It is really just the small things in life. I thought I would be able to throw this thing together with no issues and so I did not pay to have it short blocked at the machine shop.

First it was hanging the pistons, I did not clearance them correctly the first go and had to take them appart and do that. I thought the spirolocs sucked putting them on. Taking them back off was not as much fun as putting them on. (I could hear something, but was not for sure what it was.)

After talking with an engine builder about my setup it was decided I needed to buy another intake. The one I had bought was probably not the best decision for my application. (That noise is a little louder but I still can't tell what it is.)
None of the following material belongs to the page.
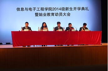 典礼伊始,岑岗院长发表了热情洋溢的讲话。首先他对新同学的到来表示热烈的欢迎,也很高兴众多新鲜血液加入信息与电子工程学院这个温暖的大家庭。随后,他回忆起36年前自己作为一名新生跨入大学的情景,从自身的经历帮助同学们解读了如何读大学及应该成为什么样的人。最后,他对同学们提出了希望:希望大家能树立远大的理想、立志成才;希望大家努力学习,培养创新能力;希望大家加强自身修养,使自己成为一个高尚的人。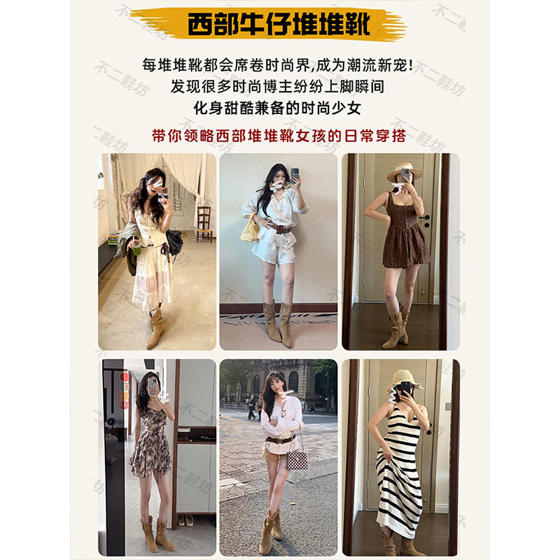 羊皮版!西部褶皱短靴女堆堆靴复古英伦风小个子内增高中筒马丁靴

I short blocked it this weekend, and had a few more issues. I checked tolerances on everything and decided it was good to go. While putting in the 7th piston I realized the rotating assembly would not turn. I could not figure it out, I had to call it a night and go to bed wishing I had bought some beer to help get this job done. When I got up the next morning to figure this issue out it was absolutely obvious. Half the pistons were hung with the rods pointing the wrong way. You know, all exactly the same. (and from that point on I could not make the circus music stop, you know the music that follows the clown around) I had never even thought of that. SCJ pistons have to be put in a certain way and so do the rods. I am now a spiroloc put in and take out speed champ. Can't believe I did not screw one up, and won't be supprised if one fails. The pistons are all in the right direction and the rotating assembly turns as it should with no apparent issues from my mishap.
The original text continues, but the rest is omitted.